There’s an expression used to describe the experience of dealing with difficult circumstances,
“It’s a hard row to hoe.”
I’ve had a lifelong fascination with twisted idioms. Idioms get twisted as people repeat a common expression based upon what they heard, rather than seeing it written down.
You will often hear the expression above conflated into:
“ It was a hard ROAD to hoe.”
This is a hoe:

This is a row bring “hoed”

This is a road.

You cannot actually hoe a road. When I imagine a person scraping a hoe along an asphalt road, I feel a sharp pain somewhere in the very center of my skull, similar to the way you feel when someone scrapes their fingernails across a chalkboard.
To “hoe a row” is to turn over the soil around some kind of vegetation in order to rid it of weeds and help it grow.
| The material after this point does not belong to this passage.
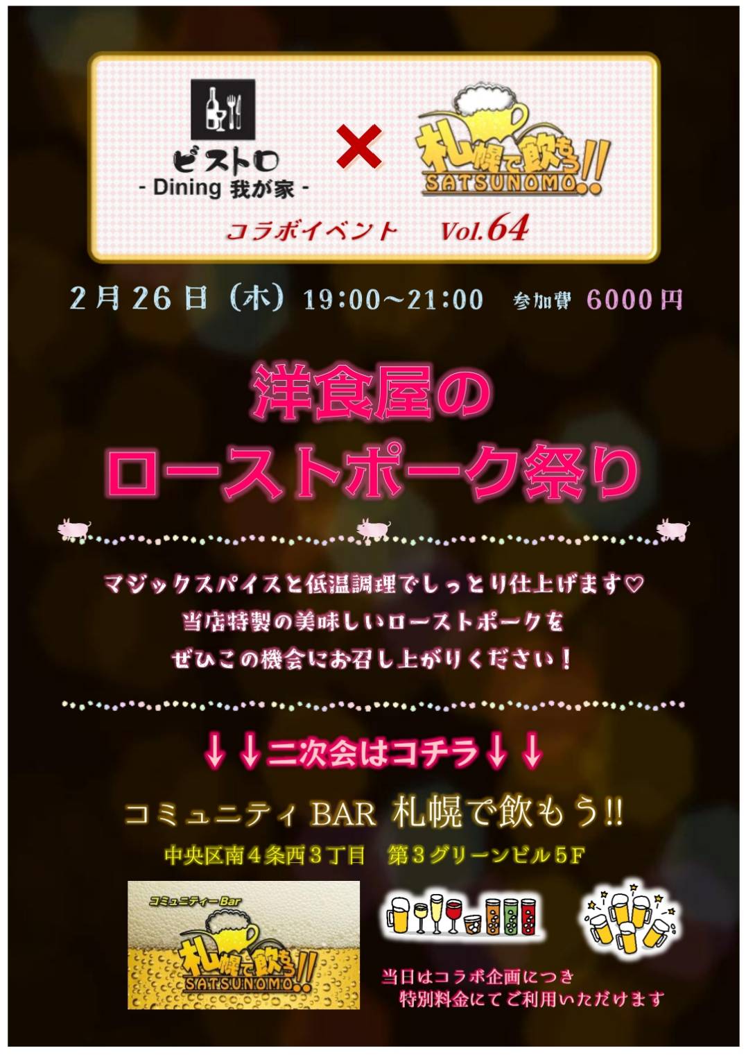 札幌市中央区の『ビストロDining我が家』と『札幌で飲もう』のコラボ企画。

A dictionary of idioms defines the expression above as:
“If you say that someone has a hard row to hoe or a tough row to hoe, you mean that they are in a difficult situation and have many problems to deal with.”
One of the things that is inherent in this expression is that we’re all turning over the soil in a row. I’m doing it. You’re doing it. This idiom expresses that one of our “rows” , mine or yours, is more difficult to “hoe” than the other.
This is certainly true in life. Two people, essentially assigned the same task, may have a more difficult challenge than the other. When we are “hoeing a row”, for example, there may be more rocks, roots, and other impediments in our row than there are in the row next to us. One plumber’s clogged pipe might be more difficult to clear than the other’s. Two teachers, teaching the same subject to the same grade in the same class period in the schedule, may have very different experiences.
All idioms represent attempts to bend language and create imagery describing a common life experience. This idiom about a “hoe” and a “row” certainly resonates given the lives we’re leading now. Throughout this pandemic, people have suffered physically, economically, and emotionally. Even if you’re among those who have escaped it’s most severe impacts, you have endured the less serious experiences of wearing a mask everyday, limitations on your social interactions and restrictions on your normal activities during this worldwide pandemic. So in a sense, we all “have a hard row to hoe” these days.
The question I’m grappling with, maybe you as well, “How is it different when we are all of us experiencing the identical challenge at the same time?” Does ours remain a “hard row to hoe?”